Items listed in a dataset:
★ ★ ★

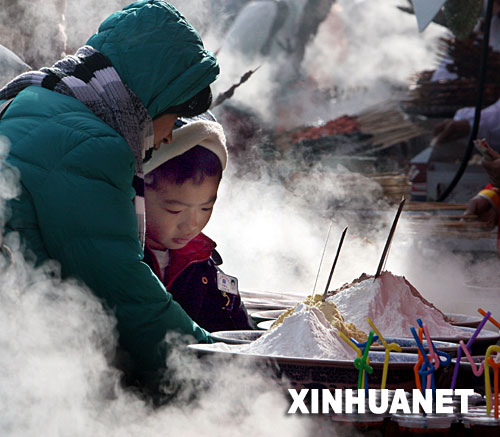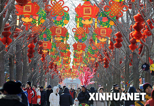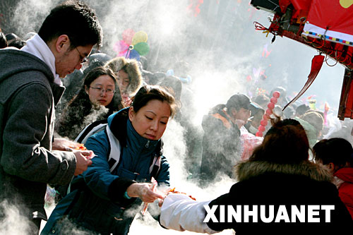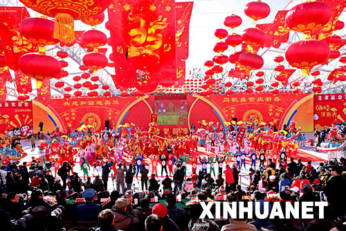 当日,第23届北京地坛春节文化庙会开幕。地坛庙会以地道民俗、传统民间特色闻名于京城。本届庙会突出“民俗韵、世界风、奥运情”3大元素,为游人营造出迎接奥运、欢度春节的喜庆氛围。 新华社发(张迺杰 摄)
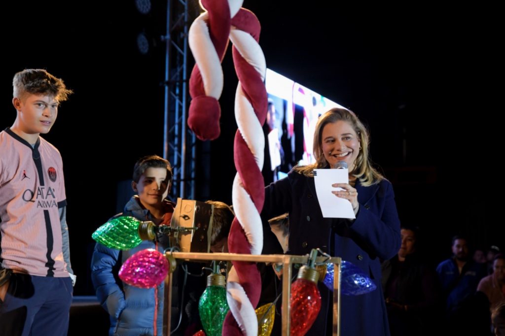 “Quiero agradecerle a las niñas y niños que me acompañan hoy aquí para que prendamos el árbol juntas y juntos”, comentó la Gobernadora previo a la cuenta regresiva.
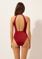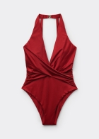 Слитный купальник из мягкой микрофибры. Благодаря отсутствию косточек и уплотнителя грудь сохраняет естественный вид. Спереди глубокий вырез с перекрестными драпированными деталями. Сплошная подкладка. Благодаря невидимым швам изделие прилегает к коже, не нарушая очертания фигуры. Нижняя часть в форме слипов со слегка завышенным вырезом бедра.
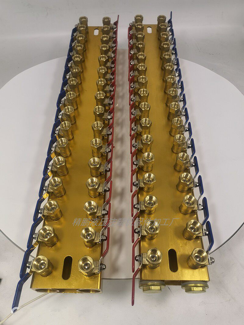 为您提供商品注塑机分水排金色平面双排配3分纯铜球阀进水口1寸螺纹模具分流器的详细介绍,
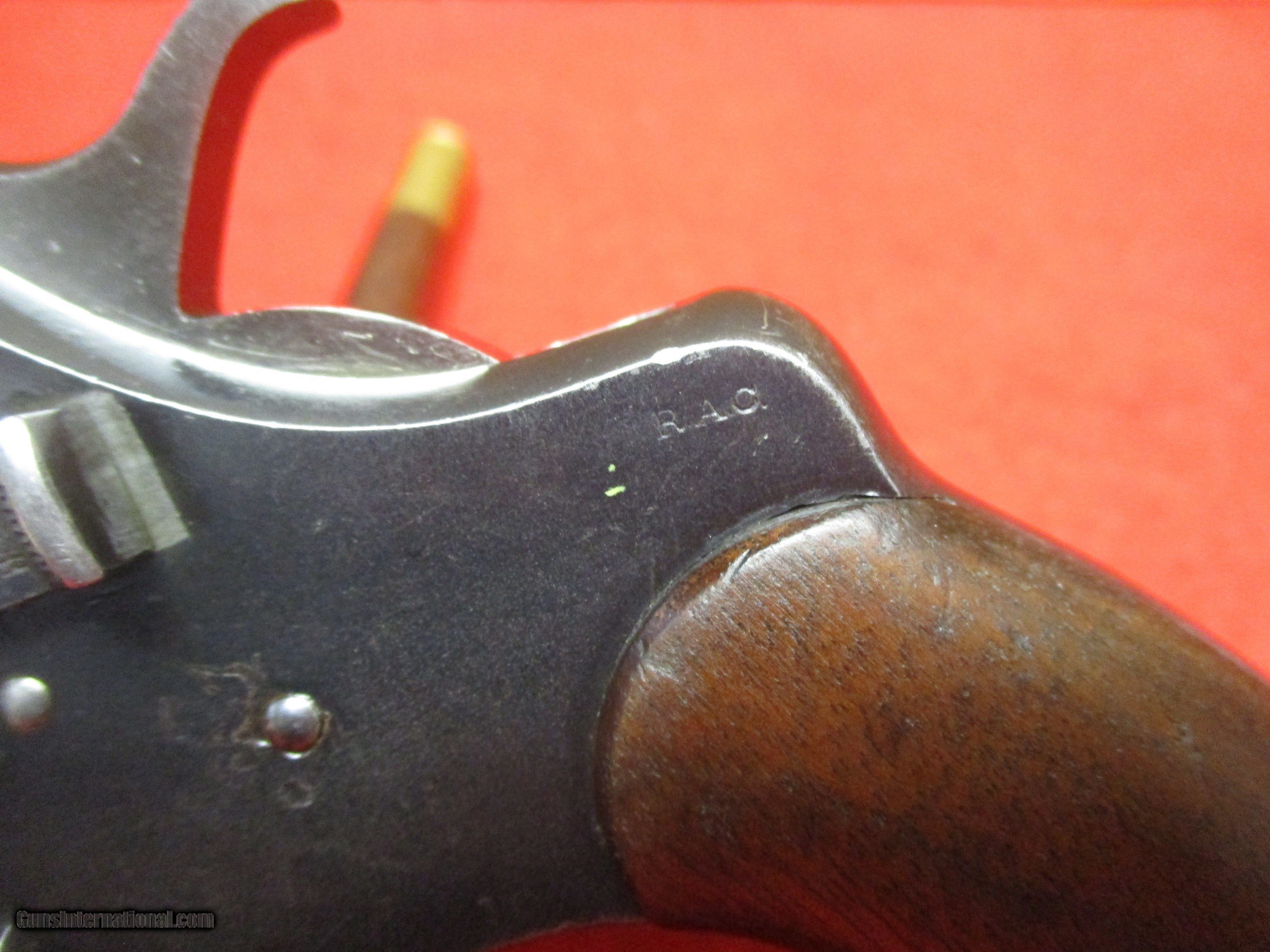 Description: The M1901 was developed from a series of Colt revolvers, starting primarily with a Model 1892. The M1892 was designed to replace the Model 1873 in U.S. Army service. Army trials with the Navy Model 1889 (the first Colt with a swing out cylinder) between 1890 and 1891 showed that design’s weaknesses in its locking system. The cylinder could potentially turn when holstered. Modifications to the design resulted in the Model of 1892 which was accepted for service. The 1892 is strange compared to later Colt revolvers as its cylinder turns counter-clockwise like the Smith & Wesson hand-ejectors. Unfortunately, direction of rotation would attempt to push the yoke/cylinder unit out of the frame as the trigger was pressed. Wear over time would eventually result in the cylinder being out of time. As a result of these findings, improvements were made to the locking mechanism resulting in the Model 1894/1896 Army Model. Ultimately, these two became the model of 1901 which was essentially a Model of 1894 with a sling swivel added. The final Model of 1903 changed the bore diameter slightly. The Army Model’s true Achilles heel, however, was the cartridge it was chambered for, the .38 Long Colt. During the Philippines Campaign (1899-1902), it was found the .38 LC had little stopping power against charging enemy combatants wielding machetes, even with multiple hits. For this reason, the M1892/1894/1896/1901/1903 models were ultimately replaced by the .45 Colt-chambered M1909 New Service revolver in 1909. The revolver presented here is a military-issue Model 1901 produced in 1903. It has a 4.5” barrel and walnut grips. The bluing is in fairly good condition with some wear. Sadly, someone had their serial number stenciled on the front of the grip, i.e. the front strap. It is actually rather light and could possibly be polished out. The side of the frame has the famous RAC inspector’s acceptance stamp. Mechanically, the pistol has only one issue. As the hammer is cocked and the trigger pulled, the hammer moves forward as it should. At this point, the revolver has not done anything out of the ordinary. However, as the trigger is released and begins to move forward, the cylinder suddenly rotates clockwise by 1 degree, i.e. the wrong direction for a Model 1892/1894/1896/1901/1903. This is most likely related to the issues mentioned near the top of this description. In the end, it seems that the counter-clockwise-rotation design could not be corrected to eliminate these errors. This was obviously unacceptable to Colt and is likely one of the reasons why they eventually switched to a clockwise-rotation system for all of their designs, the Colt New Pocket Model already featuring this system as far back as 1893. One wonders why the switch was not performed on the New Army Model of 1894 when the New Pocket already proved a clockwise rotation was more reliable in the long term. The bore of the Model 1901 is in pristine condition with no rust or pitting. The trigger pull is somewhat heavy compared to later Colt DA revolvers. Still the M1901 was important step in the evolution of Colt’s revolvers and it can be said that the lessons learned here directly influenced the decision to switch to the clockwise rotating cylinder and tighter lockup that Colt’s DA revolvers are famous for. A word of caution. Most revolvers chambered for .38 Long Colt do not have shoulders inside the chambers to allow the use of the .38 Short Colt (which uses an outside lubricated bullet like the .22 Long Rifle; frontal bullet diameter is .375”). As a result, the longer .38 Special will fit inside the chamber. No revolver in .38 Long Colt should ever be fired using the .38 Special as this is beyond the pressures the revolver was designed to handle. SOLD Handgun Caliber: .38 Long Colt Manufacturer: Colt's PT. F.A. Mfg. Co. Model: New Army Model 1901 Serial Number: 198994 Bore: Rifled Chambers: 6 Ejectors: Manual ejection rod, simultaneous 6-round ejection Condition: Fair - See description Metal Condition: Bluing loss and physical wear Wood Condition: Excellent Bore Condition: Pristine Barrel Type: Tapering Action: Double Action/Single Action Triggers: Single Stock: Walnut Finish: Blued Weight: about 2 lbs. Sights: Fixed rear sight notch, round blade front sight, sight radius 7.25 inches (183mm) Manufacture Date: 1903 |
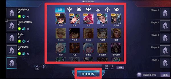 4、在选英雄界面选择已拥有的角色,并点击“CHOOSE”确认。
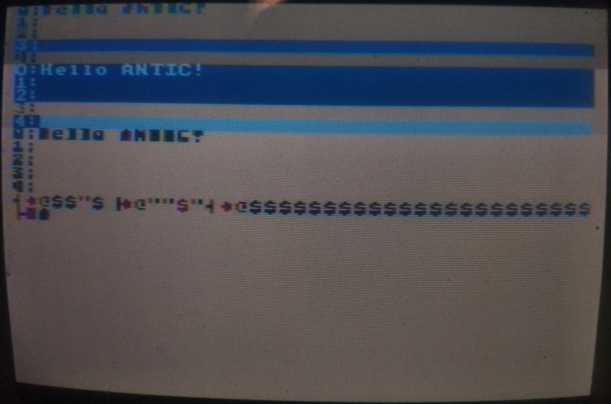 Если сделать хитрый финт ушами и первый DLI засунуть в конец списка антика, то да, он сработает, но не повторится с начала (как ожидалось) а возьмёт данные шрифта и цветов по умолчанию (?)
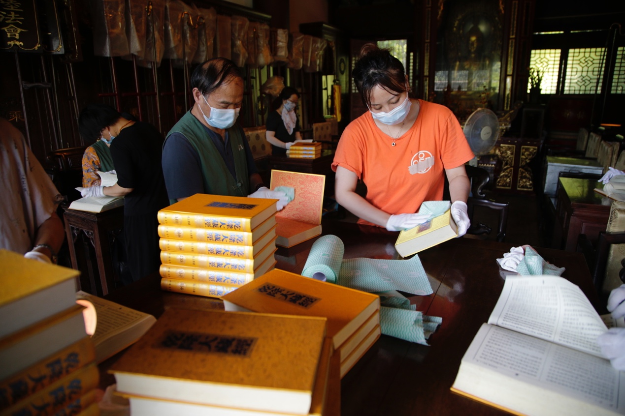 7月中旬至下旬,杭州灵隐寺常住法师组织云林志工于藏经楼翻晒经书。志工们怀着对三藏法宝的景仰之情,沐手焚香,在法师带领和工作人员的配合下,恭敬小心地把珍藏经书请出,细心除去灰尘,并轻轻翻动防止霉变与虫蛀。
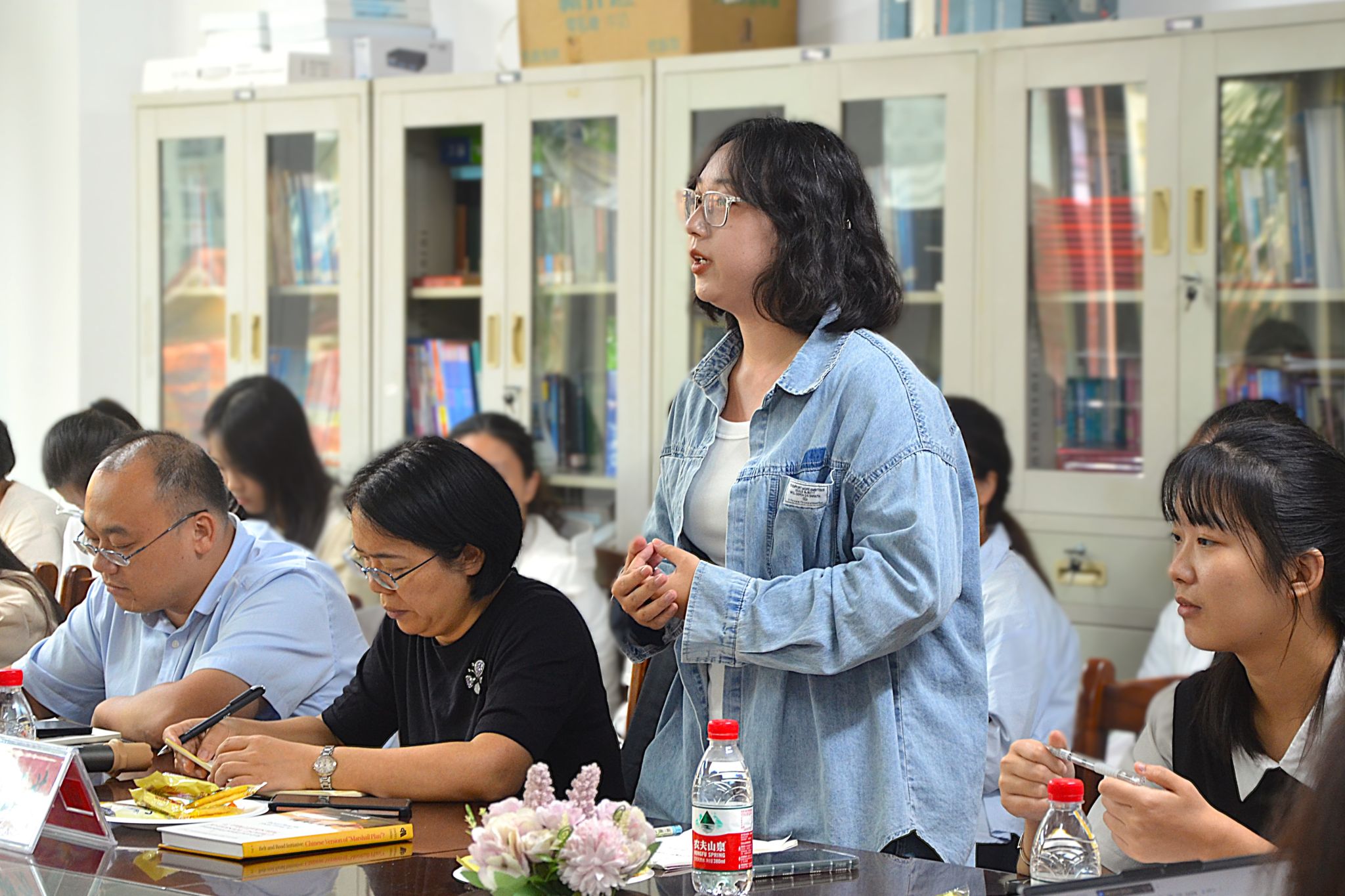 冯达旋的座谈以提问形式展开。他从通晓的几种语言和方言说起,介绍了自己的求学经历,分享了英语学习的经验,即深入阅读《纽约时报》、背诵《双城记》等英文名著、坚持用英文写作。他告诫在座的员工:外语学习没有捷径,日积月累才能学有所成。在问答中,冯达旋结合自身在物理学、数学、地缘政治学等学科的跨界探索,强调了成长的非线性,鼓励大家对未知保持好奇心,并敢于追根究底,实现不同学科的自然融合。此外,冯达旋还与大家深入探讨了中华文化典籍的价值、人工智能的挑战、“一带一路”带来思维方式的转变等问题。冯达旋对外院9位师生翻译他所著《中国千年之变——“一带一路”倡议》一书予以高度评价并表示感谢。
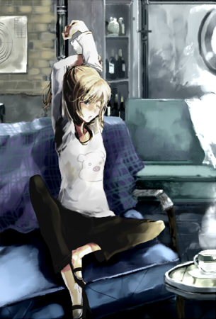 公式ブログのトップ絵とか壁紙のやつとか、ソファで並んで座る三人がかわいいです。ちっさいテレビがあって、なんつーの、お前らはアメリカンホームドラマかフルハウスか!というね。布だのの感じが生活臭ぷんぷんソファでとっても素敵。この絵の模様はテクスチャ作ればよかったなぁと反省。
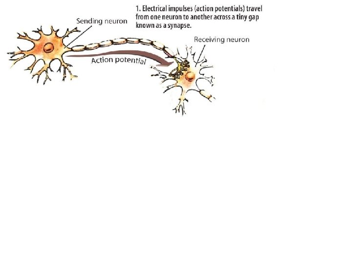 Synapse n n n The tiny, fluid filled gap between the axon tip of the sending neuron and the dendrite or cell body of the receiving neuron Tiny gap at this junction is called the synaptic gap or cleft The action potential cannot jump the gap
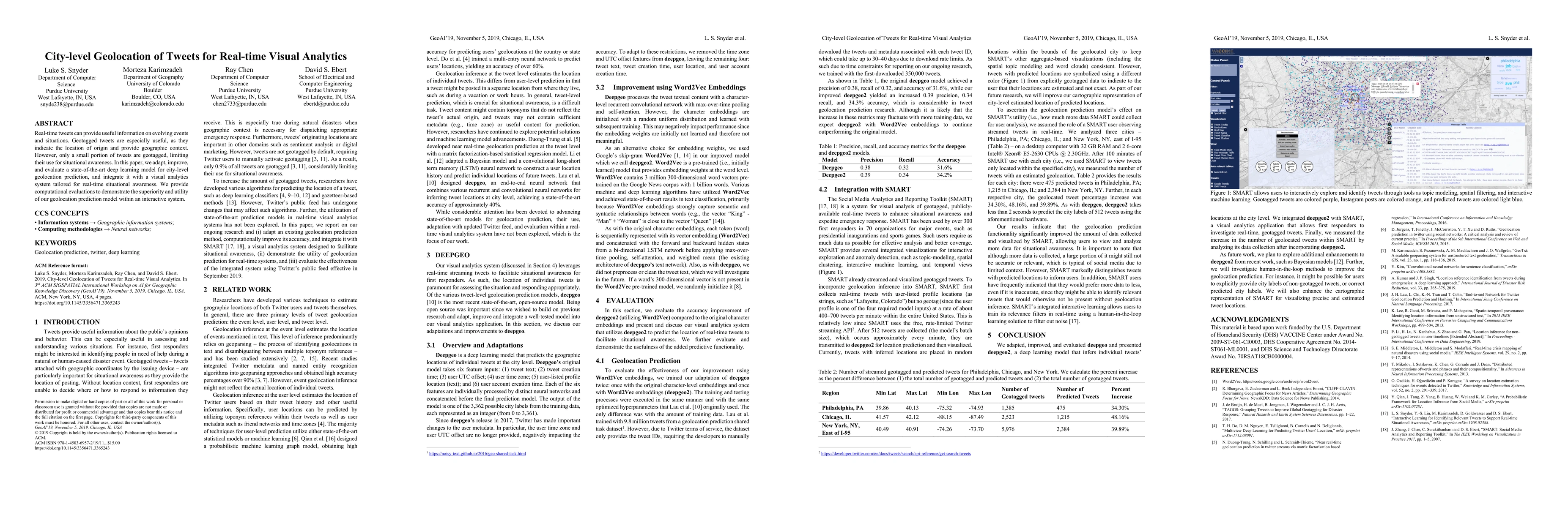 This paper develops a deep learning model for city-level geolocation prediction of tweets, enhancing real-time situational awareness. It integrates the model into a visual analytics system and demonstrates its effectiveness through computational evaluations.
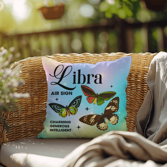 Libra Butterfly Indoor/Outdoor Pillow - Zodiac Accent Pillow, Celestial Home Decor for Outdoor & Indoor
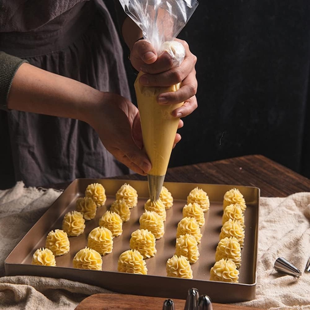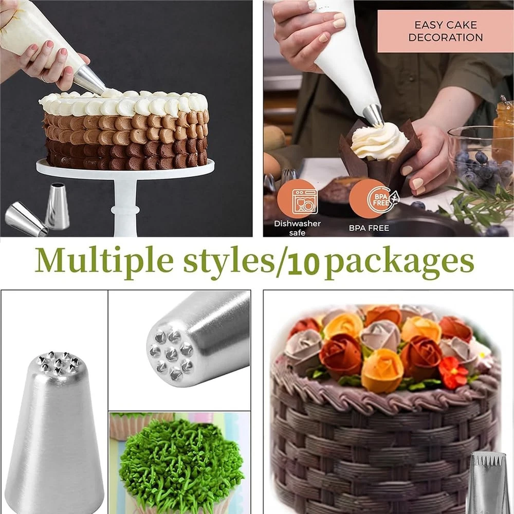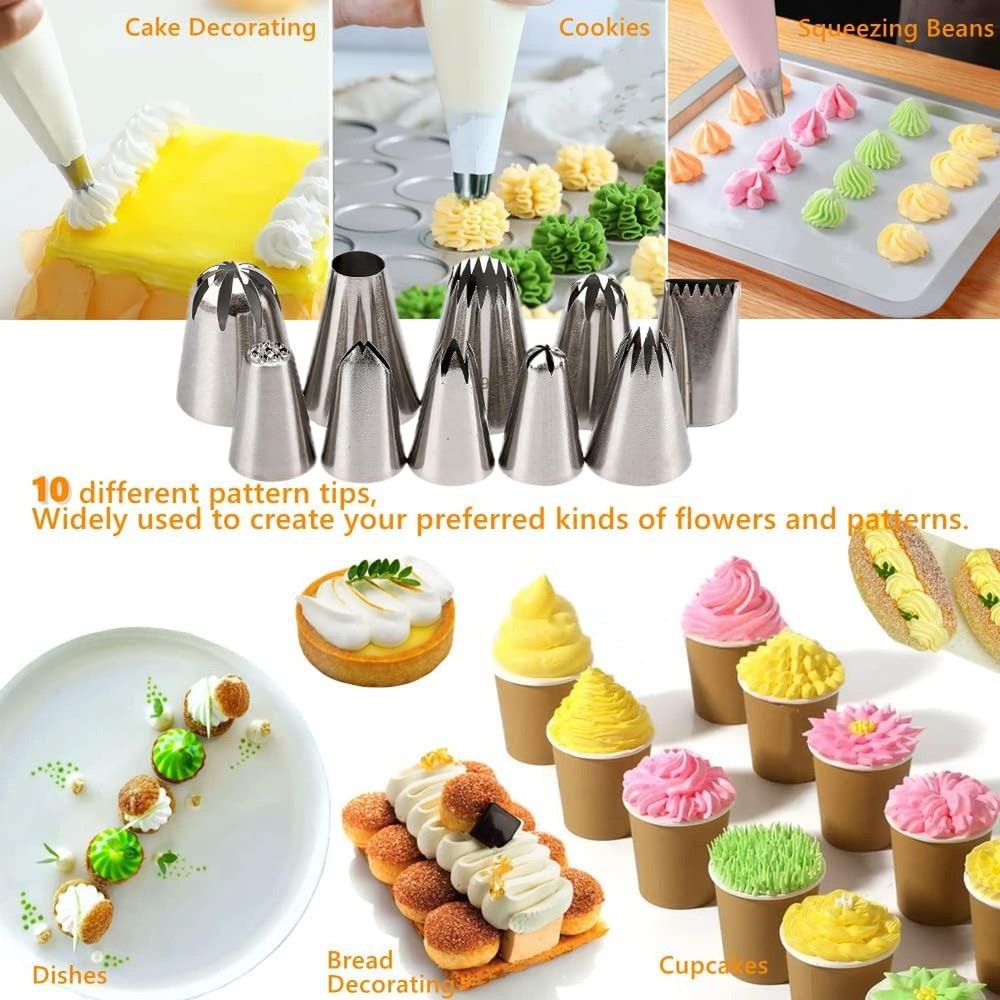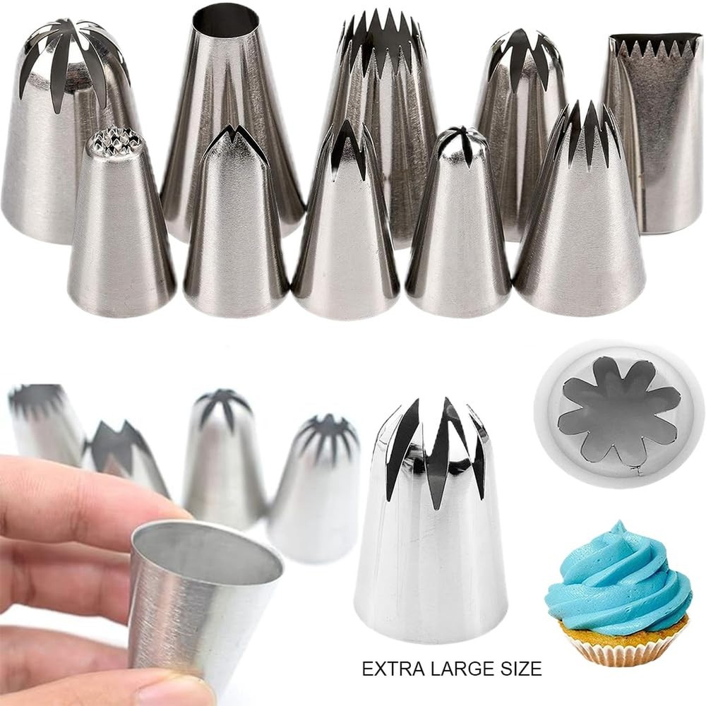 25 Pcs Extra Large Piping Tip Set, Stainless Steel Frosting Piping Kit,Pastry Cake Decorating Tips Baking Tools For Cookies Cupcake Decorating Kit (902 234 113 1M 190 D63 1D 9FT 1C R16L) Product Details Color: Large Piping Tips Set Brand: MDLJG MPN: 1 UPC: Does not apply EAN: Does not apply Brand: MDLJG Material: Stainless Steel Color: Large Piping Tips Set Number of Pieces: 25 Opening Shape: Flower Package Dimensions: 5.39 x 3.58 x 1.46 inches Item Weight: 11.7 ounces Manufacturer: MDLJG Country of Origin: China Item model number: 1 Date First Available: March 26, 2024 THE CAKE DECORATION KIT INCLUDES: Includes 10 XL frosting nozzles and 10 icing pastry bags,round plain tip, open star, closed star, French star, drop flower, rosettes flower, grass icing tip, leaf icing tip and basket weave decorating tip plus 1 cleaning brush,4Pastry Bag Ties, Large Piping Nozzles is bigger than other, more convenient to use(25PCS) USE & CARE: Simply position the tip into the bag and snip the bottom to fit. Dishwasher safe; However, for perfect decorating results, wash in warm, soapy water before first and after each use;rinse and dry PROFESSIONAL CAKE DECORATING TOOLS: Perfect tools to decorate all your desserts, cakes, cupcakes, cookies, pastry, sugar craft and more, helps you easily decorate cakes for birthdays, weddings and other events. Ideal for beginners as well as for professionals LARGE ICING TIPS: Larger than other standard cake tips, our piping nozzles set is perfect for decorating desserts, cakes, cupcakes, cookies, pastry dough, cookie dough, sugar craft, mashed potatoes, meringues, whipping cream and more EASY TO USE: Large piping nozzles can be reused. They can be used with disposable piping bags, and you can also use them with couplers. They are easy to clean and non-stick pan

★ ★ ★

> [WHAT YOU SHOULD DO]: Repeat, without pictures, exactly the lines of the data above from the one containing "7月中旬至下旬,杭州灵隐寺常" through the one containing "Synapse n n", including both and adding nothing.

> [TASK RESPONSE]:
 7月中旬至下旬,杭州灵隐寺常住法师组织云林志工于藏经楼翻晒经书。志工们怀着对三藏法宝的景仰之情,沐手焚香,在法师带领和工作人员的配合下,恭敬小心地把珍藏经书请出,细心除去灰尘,并轻轻翻动防止霉变与虫蛀。
 冯达旋的座谈以提问形式展开。他从通晓的几种语言和方言说起,介绍了自己的求学经历,分享了英语学习的经验,即深入阅读《纽约时报》、背诵《双城记》等英文名著、坚持用英文写作。他告诫在座的员工:外语学习没有捷径,日积月累才能学有所成。在问答中,冯达旋结合自身在物理学、数学、地缘政治学等学科的跨界探索,强调了成长的非线性,鼓励大家对未知保持好奇心,并敢于追根究底,实现不同学科的自然融合。此外,冯达旋还与大家深入探讨了中华文化典籍的价值、人工智能的挑战、“一带一路”带来思维方式的转变等问题。冯达旋对外院9位师生翻译他所著《中国千年之变——“一带一路”倡议》一书予以高度评价并表示感谢。
 公式ブログのトップ絵とか壁紙のやつとか、ソファで並んで座る三人がかわいいです。ちっさいテレビがあって、なんつーの、お前らはアメリカンホームドラマかフルハウスか!というね。布だのの感じが生活臭ぷんぷんソファでとっても素敵。この絵の模様はテクスチャ作ればよかったなぁと反省。
 Synapse n n n The tiny, fluid filled gap between the axon tip of the sending neuron and the dendrite or cell body of the receiving neuron Tiny gap at this junction is called the synaptic gap or cleft The action potential cannot jump the gap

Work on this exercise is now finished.